Data entries:
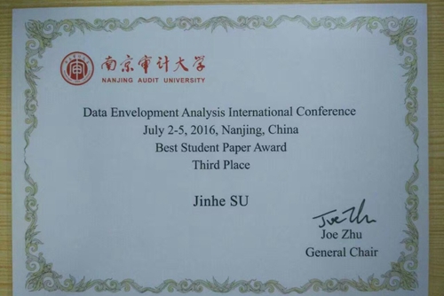 7月2日至5日,DEA国际学术研讨会:理论创新、应用及治理会议在南京审计大学举行,本次DEA会议旨在与前沿的DEA研究人员一起讨论一些主要的创新方法,涉及DEA在管理和治理等方面。公司韩松副教授作为会议邀请专家,负责组织DEA方法方面的论文并担任相关小组的主席。7月4日下午,韩松副教授报告论文“Quantile-DEA Ranking Method for Multi-Attribute Decision Making Problems with Interval Data”,并与在场的专家和学者进行了互动。贾德音同学报告了苏锦河同学与她的合作论文“Cone Ratio DEA Model for Processing Bad Outputs and its Evaluation on the Efficiency of Thermal Power Industry”,并参与了员工优秀论文的评比,在众多博士生论文中脱颖而出,在六篇获奖论文中占有一席之地。
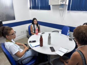 Compõem a equipe: Yasmim Pephilio (Terapia Ocupacional), Ana Luiza de Mello (Psicologia), Raiane de Souza (Serviço Social), Wanessa Soares (Medicina) e a colaboração fundamental da Agente Comunitária de Saúde (ACS) Gilmara Conceição, que aproxima o estudo da realidade local.
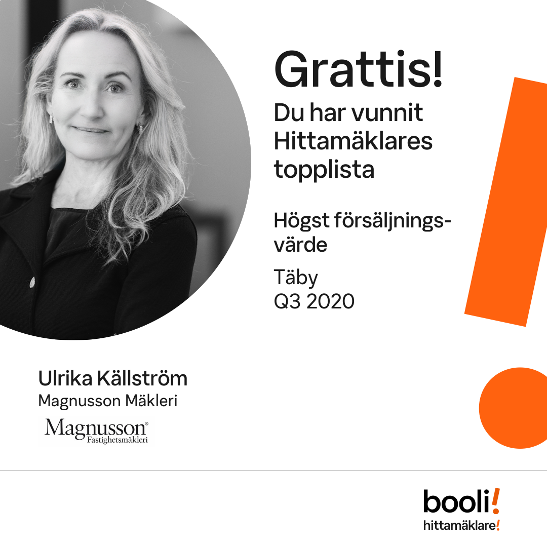 Statistik för publicerade bostäder, försäljningar och omdömen baseras på data från Booli och Hittamäklare. Statistiken för försäljningar avser inrapporterade och verifierade slutpriser från mäklare eller av Booli inhämtade och verifierade slutpriser. Statistiken för publicerade bostäder baseras på information som publicerats på Booli.se. Statistik för omdömen och rekommendationer baseras på omdömen från säljare som lämnats via Booli och Hittamäklare.
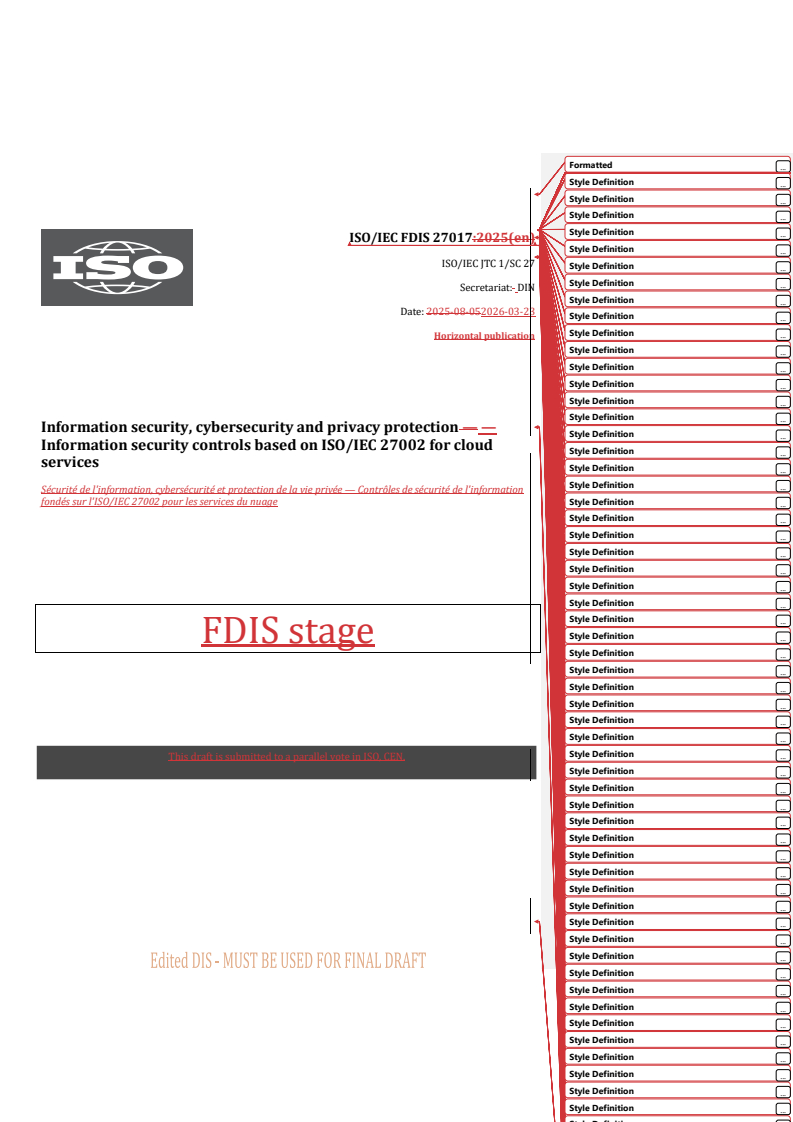 REDLINE ISO/IEC FDIS 27017 - Information security, cybersecurity and privacy protection — Information security controls based on ISO/IEC 27002 for cloud services
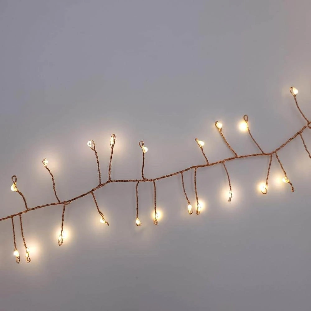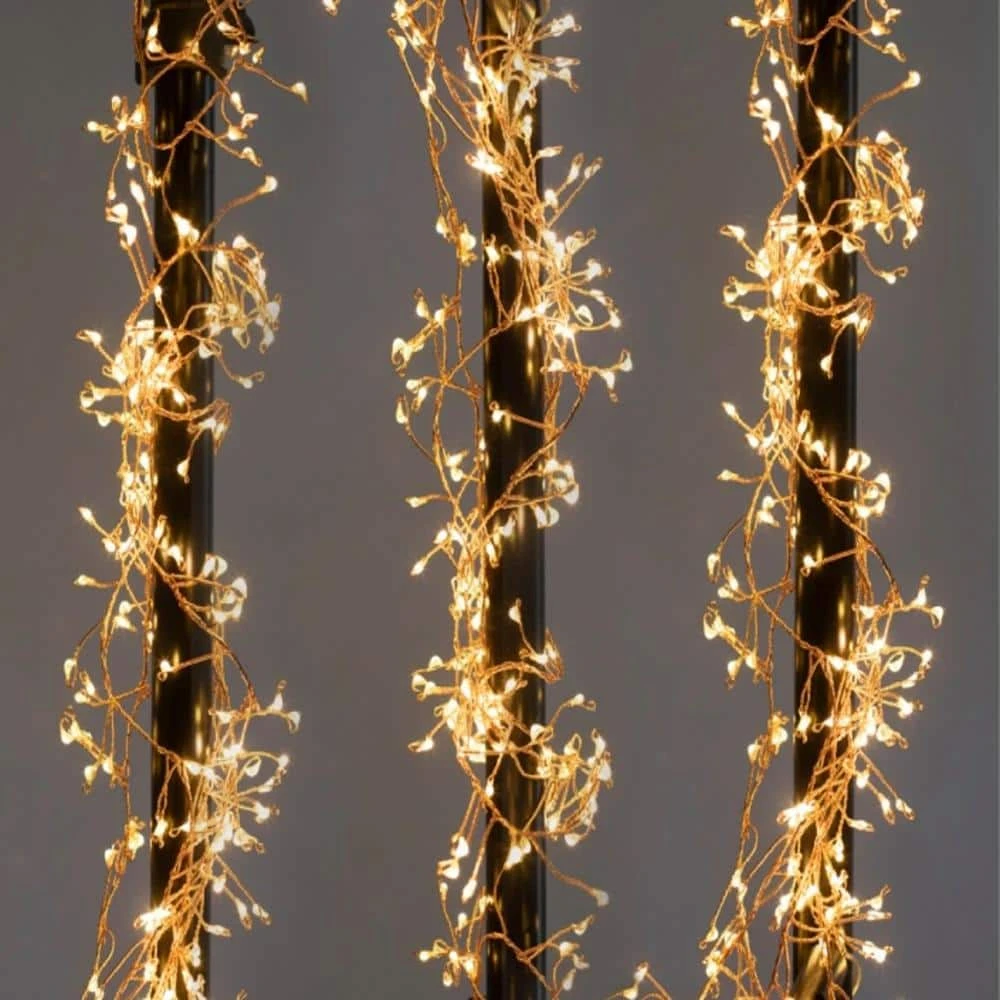 Electric firecracker fairy string lights will bring a spectacular ambience to a special event or your everyday home decor. This strand of bendable wire with three hundred 1.5″ off-shoots, each with a mini LED light attached to the end, creates a firecracker design. The glowing micro LED lights look like a glimmering droplet of water clinging to the end of a shiny wire. These weatherproof lights are perfect for illuminating floral arrangements, tabletop displays, mantles, ornamental bushes, and so much more. Electric firecracker lights are also known as cluster lights, fairy garland lights, or snake lights.
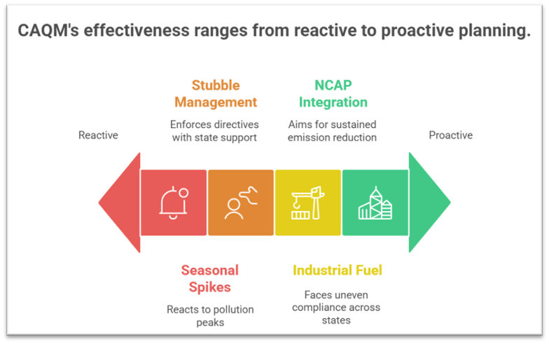 - While CAQM can issue binding directions, enforcement capacity ultimately rests with State governments and local agencies, leading to uneven compliance.
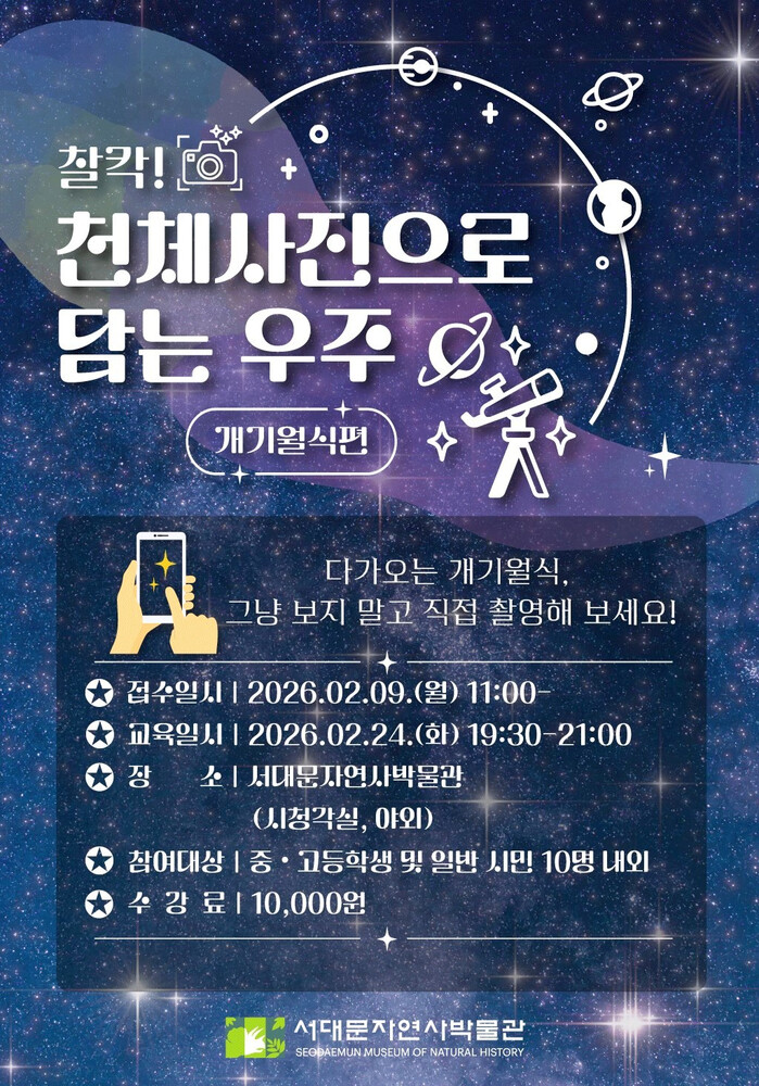 [시민일보 = 이대우 기자] 서울 서대문구(구청장 이성헌)가 서대문자연사박물관에서 체험형 강좌인 ‘찰칵! 천체사진으로 담는 우주-개기월식 편’을 마련했다고 3일 밝혔다.
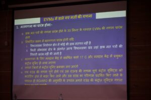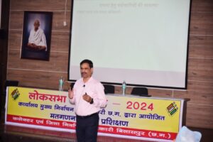 प्रशिक्षण में मास्टर ट्रेनर द्वारा मतगणना के पूर्व तैयारी, मानव संसाधन एवं अन्य जरूरी संसाधनों की व्यवस्था, डाक मतपत्र की गणना, इव्हीएम से मतगणना की व्यवस्था, इंडेक्स कार्ड भरने की व्यवस्था सहित अन्य महत्वपूर्ण विषयों पर जानकारी दी गई। मतगणना दिवस के दिन स्ट्रांग रूम एवं मतगणना कक्ष में अपेक्षित नियमों के बारे में बताया गया। डाक मतपत्र एवं कंट्रोल यूनिट के मतों की काउंटिंग की प्रक्रिया को सरलता से समझाया गया। सबसे पहले डाक मतपत्र एवं इटीपीबीएस की मतों की गणना की जाएगी। मास्टर ट्रेनर द्वारा प्रशिक्षणार्थियों की जिज्ञासाओं को भी शांत किया गया। प्रशिक्षण में नगर निगम कमिश्नर अमित कुमार, एडीएम आरए कुरूवंशी, उप जिला निर्वाचन अधिकारी शिवकुमार बनर्जी, मुंगेली जिले की एडीशनल कलेक्टर निष्ठा पाण्डेय तिवारी, जिला स्तरीय मास्टर ट्रेनर एमटी आलम, सभी सहायक रिटर्निंग ऑफिसर सहित उन्हें सहायक मौजूद थे।
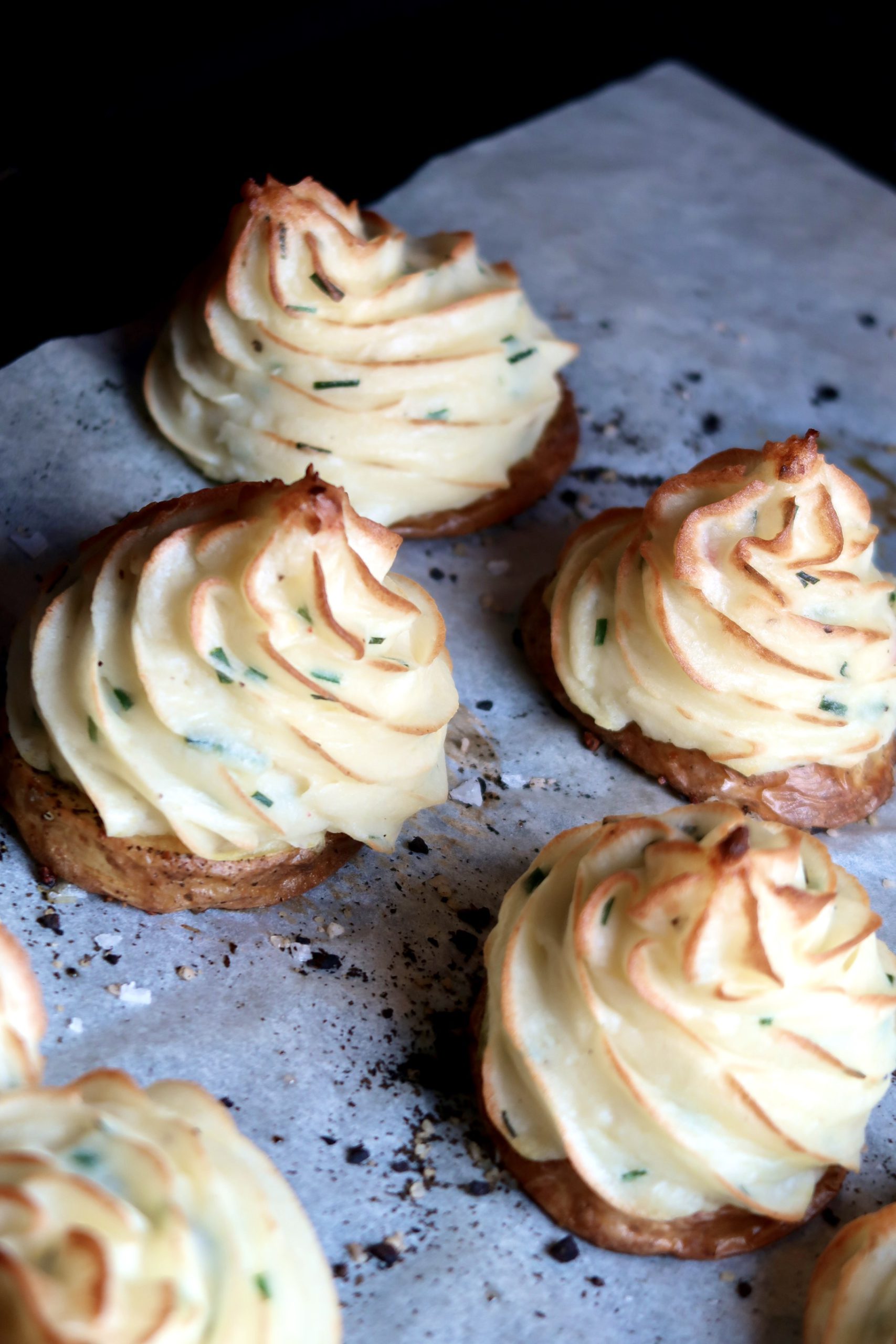 Ja jag tänker att du förbereder det fram till att du har moset i spritsen. Sen spritsar du ut det innan gräddning. Annars är jag rädd att moset får lite skinn om du förstår vad jag menar?
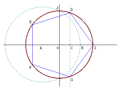 $A$ est le point de coordonnées $(-1/2,0),$ $B$ est l'intersection du cercle de centre $A$ passant par $J.$ $C$ est le milieu de $[OB].$ Il est facile de prouver que $OC=(-0,5+\sqrt{5/4})/2$ et ceci est exactement $\cos(2\pi/5)$.
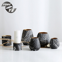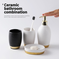 Juego de baño de cerámica dorado blanco y negro brillante creativo moderno para el hogar, hotel, venta al por mayor, juego de cuatro piezas con borde, juego de tres piezas
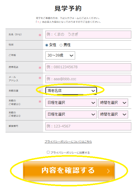 来館店舗は「海老名店」を選択し、必須入力項目、来館希望日を記入して「内容を確認する」をクリック(タップ)。入力内容に間違いがなければ送信し予約完了です。
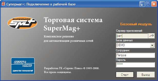 Для реализации указанных выше задач могут применяться несколько интегрированных продуктов, разработанных компанией «Сервис Плюс». В качестве основной управляющей системы применяется торговая система «Супермаг Плюс», в ней работают менеджеры и аналитики центрального и региональных офисов, а также операторы магазинов и складов. Для оформления продаж на кассовых узлах используется фронт-офисная система «Супермаг УКМ», которая получает необходимые данные для формирования чеков из торговой системы и передает в нее данные об осуществленных через кассы продажах. В качестве мобильных АРМ для осуществления приемки товаров, контроля цен, проведения инвентаризаций используется программное обеспечение «СуперКит Мобайл», установленное на мобильных терминалах сбора данных.
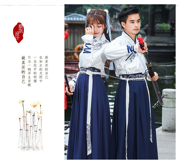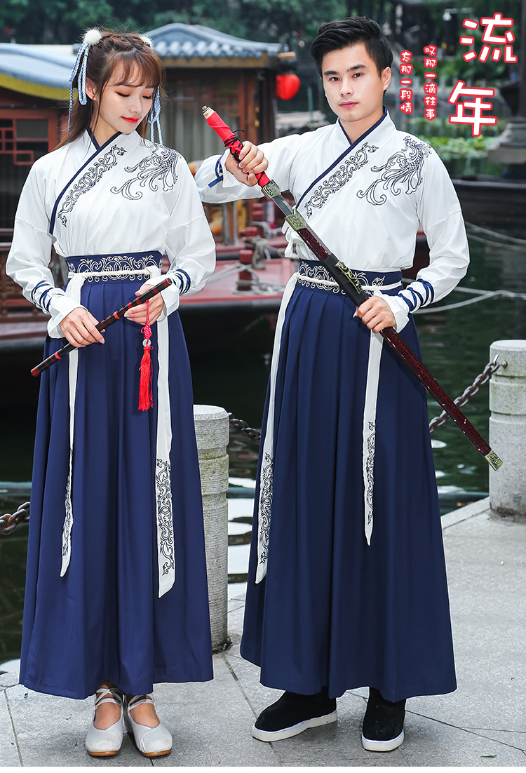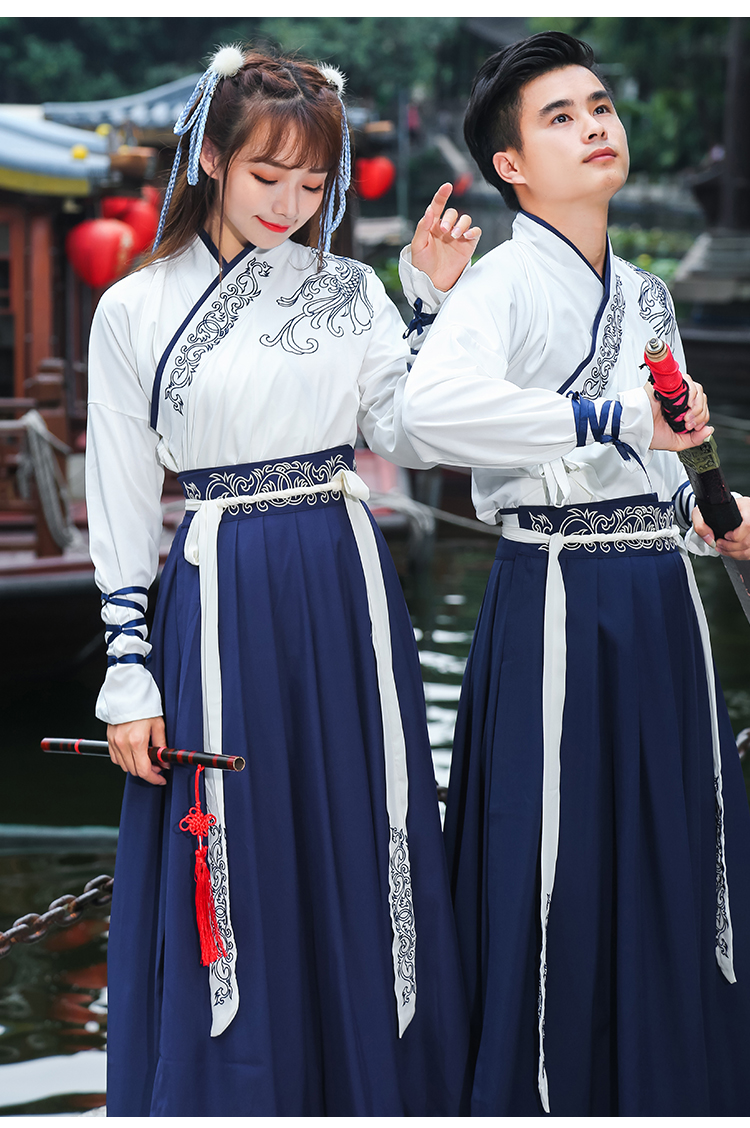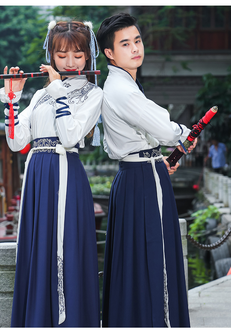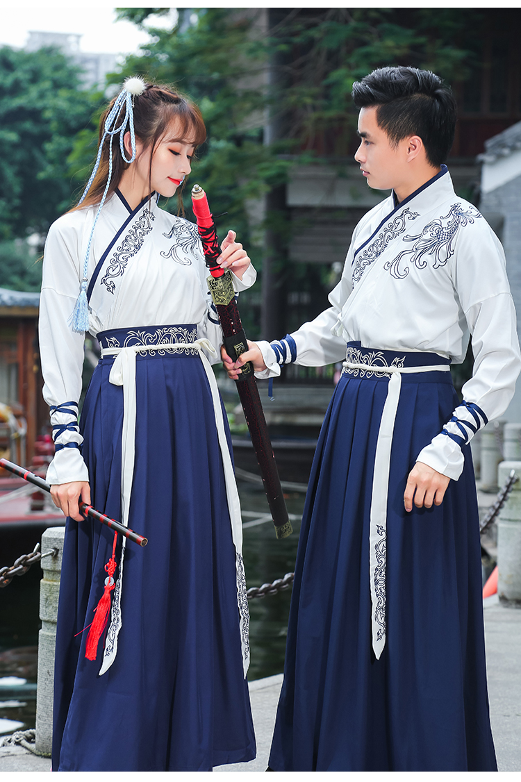 改良古風漢服女中國風漢元素武俠風超仙刺繡交領齊胸襦裙情侶漢服

:: Problem details ::
The entries above, every one of them, should be retyped exactly, with no pictures carried over.

:: Answer to this task ::
 7月2日至5日,DEA国际学术研讨会:理论创新、应用及治理会议在南京审计大学举行,本次DEA会议旨在与前沿的DEA研究人员一起讨论一些主要的创新方法,涉及DEA在管理和治理等方面。公司韩松副教授作为会议邀请专家,负责组织DEA方法方面的论文并担任相关小组的主席。7月4日下午,韩松副教授报告论文“Quantile-DEA Ranking Method for Multi-Attribute Decision Making Problems with Interval Data”,并与在场的专家和学者进行了互动。贾德音同学报告了苏锦河同学与她的合作论文“Cone Ratio DEA Model for Processing Bad Outputs and its Evaluation on the Efficiency of Thermal Power Industry”,并参与了员工优秀论文的评比,在众多博士生论文中脱颖而出,在六篇获奖论文中占有一席之地。
 Compõem a equipe: Yasmim Pephilio (Terapia Ocupacional), Ana Luiza de Mello (Psicologia), Raiane de Souza (Serviço Social), Wanessa Soares (Medicina) e a colaboração fundamental da Agente Comunitária de Saúde (ACS) Gilmara Conceição, que aproxima o estudo da realidade local.
 Statistik för publicerade bostäder, försäljningar och omdömen baseras på data från Booli och Hittamäklare. Statistiken för försäljningar avser inrapporterade och verifierade slutpriser från mäklare eller av Booli inhämtade och verifierade slutpriser. Statistiken för publicerade bostäder baseras på information som publicerats på Booli.se. Statistik för omdömen och rekommendationer baseras på omdömen från säljare som lämnats via Booli och Hittamäklare.
 REDLINE ISO/IEC FDIS 27017 - Information security, cybersecurity and privacy protection — Information security controls based on ISO/IEC 27002 for cloud services
 Electric firecracker fairy string lights will bring a spectacular ambience to a special event or your everyday home decor. This strand of bendable wire with three hundred 1.5″ off-shoots, each with a mini LED light attached to the end, creates a firecracker design. The glowing micro LED lights look like a glimmering droplet of water clinging to the end of a shiny wire. These weatherproof lights are perfect for illuminating floral arrangements, tabletop displays, mantles, ornamental bushes, and so much more. Electric firecracker lights are also known as cluster lights, fairy garland lights, or snake lights.
 - While CAQM can issue binding directions, enforcement capacity ultimately rests with State governments and local agencies, leading to uneven compliance.
 [시민일보 = 이대우 기자] 서울 서대문구(구청장 이성헌)가 서대문자연사박물관에서 체험형 강좌인 ‘찰칵! 천체사진으로 담는 우주-개기월식 편’을 마련했다고 3일 밝혔다.
 प्रशिक्षण में मास्टर ट्रेनर द्वारा मतगणना के पूर्व तैयारी, मानव संसाधन एवं अन्य जरूरी संसाधनों की व्यवस्था, डाक मतपत्र की गणना, इव्हीएम से मतगणना की व्यवस्था, इंडेक्स कार्ड भरने की व्यवस्था सहित अन्य महत्वपूर्ण विषयों पर जानकारी दी गई। मतगणना दिवस के दिन स्ट्रांग रूम एवं मतगणना कक्ष में अपेक्षित नियमों के बारे में बताया गया। डाक मतपत्र एवं कंट्रोल यूनिट के मतों की काउंटिंग की प्रक्रिया को सरलता से समझाया गया। सबसे पहले डाक मतपत्र एवं इटीपीबीएस की मतों की गणना की जाएगी। मास्टर ट्रेनर द्वारा प्रशिक्षणार्थियों की जिज्ञासाओं को भी शांत किया गया। प्रशिक्षण में नगर निगम कमिश्नर अमित कुमार, एडीएम आरए कुरूवंशी, उप जिला निर्वाचन अधिकारी शिवकुमार बनर्जी, मुंगेली जिले की एडीशनल कलेक्टर निष्ठा पाण्डेय तिवारी, जिला स्तरीय मास्टर ट्रेनर एमटी आलम, सभी सहायक रिटर्निंग ऑफिसर सहित उन्हें सहायक मौजूद थे।
 Ja jag tänker att du förbereder det fram till att du har moset i spritsen. Sen spritsar du ut det innan gräddning. Annars är jag rädd att moset får lite skinn om du förstår vad jag menar?
 $A$ est le point de coordonnées $(-1/2,0),$ $B$ est l'intersection du cercle de centre $A$ passant par $J.$ $C$ est le milieu de $[OB].$ Il est facile de prouver que $OC=(-0,5+\sqrt{5/4})/2$ et ceci est exactement $\cos(2\pi/5)$.
 Juego de baño de cerámica dorado blanco y negro brillante creativo moderno para el hogar, hotel, venta al por mayor, juego de cuatro piezas con borde, juego de tres piezas
 来館店舗は「海老名店」を選択し、必須入力項目、来館希望日を記入して「内容を確認する」をクリック(タップ)。入力内容に間違いがなければ送信し予約完了です。
 Для реализации указанных выше задач могут применяться несколько интегрированных продуктов, разработанных компанией «Сервис Плюс». В качестве основной управляющей системы применяется торговая система «Супермаг Плюс», в ней работают менеджеры и аналитики центрального и региональных офисов, а также операторы магазинов и складов. Для оформления продаж на кассовых узлах используется фронт-офисная система «Супермаг УКМ», которая получает необходимые данные для формирования чеков из торговой системы и передает в нее данные об осуществленных через кассы продажах. В качестве мобильных АРМ для осуществления приемки товаров, контроля цен, проведения инвентаризаций используется программное обеспечение «СуперКит Мобайл», установленное на мобильных терминалах сбора данных.
 改良古風漢服女中國風漢元素武俠風超仙刺繡交領齊胸襦裙情侶漢服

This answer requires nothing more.